▽

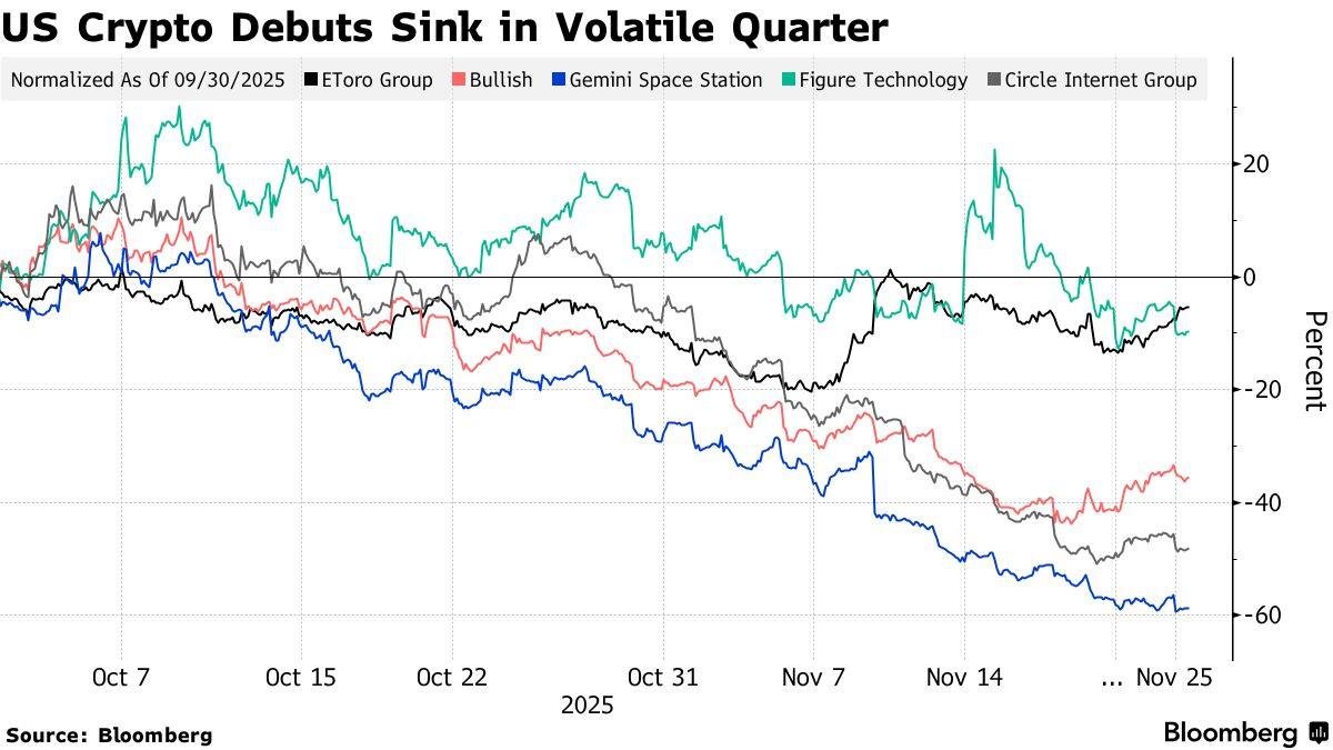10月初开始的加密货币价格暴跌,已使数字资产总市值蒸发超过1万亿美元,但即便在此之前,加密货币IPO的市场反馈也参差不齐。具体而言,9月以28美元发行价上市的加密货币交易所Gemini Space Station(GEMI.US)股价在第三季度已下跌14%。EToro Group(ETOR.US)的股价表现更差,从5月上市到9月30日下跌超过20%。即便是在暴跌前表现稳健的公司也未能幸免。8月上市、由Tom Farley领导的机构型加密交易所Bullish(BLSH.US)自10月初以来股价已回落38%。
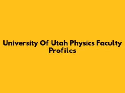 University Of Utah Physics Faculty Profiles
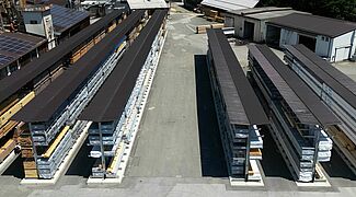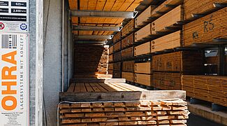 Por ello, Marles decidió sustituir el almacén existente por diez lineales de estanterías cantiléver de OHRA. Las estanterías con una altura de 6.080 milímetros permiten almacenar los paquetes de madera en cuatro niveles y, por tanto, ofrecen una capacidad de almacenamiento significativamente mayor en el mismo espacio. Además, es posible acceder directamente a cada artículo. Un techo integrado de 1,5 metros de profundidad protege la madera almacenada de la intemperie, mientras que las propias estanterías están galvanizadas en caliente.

△

__Problem to work on__: Pictures should not appear; only the lines from the start of the listing above to the line containing "University Of Utah Physics Faculty Profiles", both ends included, are to be repeated exactly.

__Expected output__:
10月初开始的加密货币价格暴跌,已使数字资产总市值蒸发超过1万亿美元,但即便在此之前,加密货币IPO的市场反馈也参差不齐。具体而言,9月以28美元发行价上市的加密货币交易所Gemini Space Station(GEMI.US)股价在第三季度已下跌14%。EToro Group(ETOR.US)的股价表现更差,从5月上市到9月30日下跌超过20%。即便是在暴跌前表现稳健的公司也未能幸免。8月上市、由Tom Farley领导的机构型加密交易所Bullish(BLSH.US)自10月初以来股价已回落38%。
 University Of Utah Physics Faculty Profiles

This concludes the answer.